15h : dans la belle acoustique d’une grande salle de répétition d’orchestre du Conservatoire de Strasbourg, Samuel Blaser – pour faire court –, en fait une identité tricéphale, Triple Dip, dont Samuel Blaser est le tromboniste, Billy Mintz le batteur, Russ Lossing le pianiste. Russ Lossing d’abord, une note énorme, profonde, une profondeur d’où tout va surgir et s’épanouir, comme au début de la Sonate en si mineur de Liszt. Lossing connaît probablement son Liszt, mais il en connaît bien d’autres et s’il faut lui supposer quelque héritage pianistique, il se s’arrête certainement pas aux gracieusetés que le piano jazz retient trop souvent de Ravel et Debussy. On pense à Bartok, Messiaen, Stockhausen… On pense aussi à Ran Blake pour l’angularité parfois brutale, à Paul Bley pour cette façon de faire sonner les entrailles du piano aux frontières du lyrisme et de l’abstraction.

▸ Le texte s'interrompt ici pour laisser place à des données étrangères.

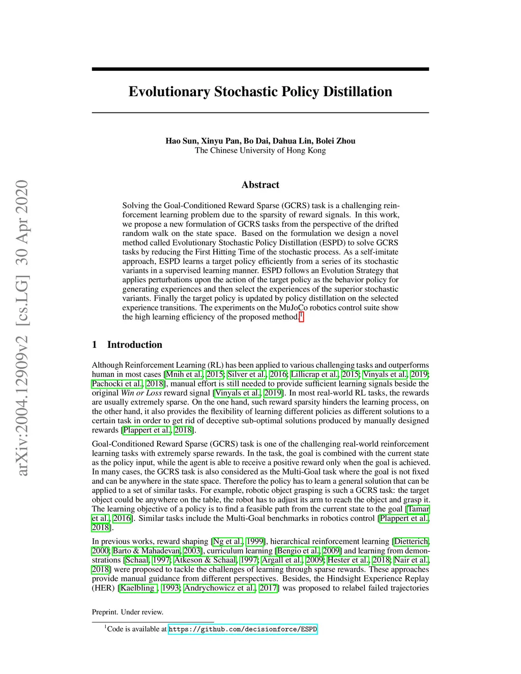 Solving the Goal-Conditioned Reward Sparse (GCRS) task is a challenging reinforcement learning problem due to the sparsity of reward signals. In this work, we propose a new formulation of GCRS tasks from the perspective of the drifted random walk on the state space, and design a novel method called Evolutionary Stochastic Policy Distillation (ESPD) to solve them based on the insight of reducing the First Hitting Time of the stochastic process. As a self-imitate approach, ESPD enables a target policy to learn from a series of its stochastic variants through the technique of policy distillation (PD). The learning mechanism of ESPD can be considered as an Evolution Strategy (ES) that applies perturbations upon policy directly on the action space, with a SELECT function to check the superiority of stochastic variants and then use PD to update the policy. The experiments based on the MuJoCo robotics control suite show the high learning efficiency of the proposed method.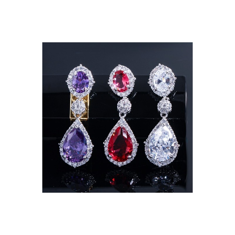 CWWZircons Brand 7 Color Options Brilliant White Gold Color Fashion Water Drop Purple CZ Crystal Earrings With Zirconia CZ370

Par quel hasard, quelle intuition, quelle préméditation, quelle télépathie le trombone jouera-t-il sa première note pile sur telle note finale d’un long développement solo du piano? Le grain du son, la palette timbrale, la virtuosité combinée des lèvres et de la coulisse, le vieil héritage ellingtonien qui le place au juste milieu entre la souplesse de Lawrence Brown et son trombone-violoncelle et l’expressivité fauve de Tricky Sam Nanton, ses growls et ses wha wha. Mais c’était au siècle dernier, et Samuel Blaser joue l’aujourd’hui, un aujourd’hui enraciné mais sans effet “photo souvenir” (et quand il s’y livre, c’est du côté de ses vieille amours pour Don Drummond, le tromboniste du ska, mais au sein de ce Triple Dip, il n’en laisse rien paraître).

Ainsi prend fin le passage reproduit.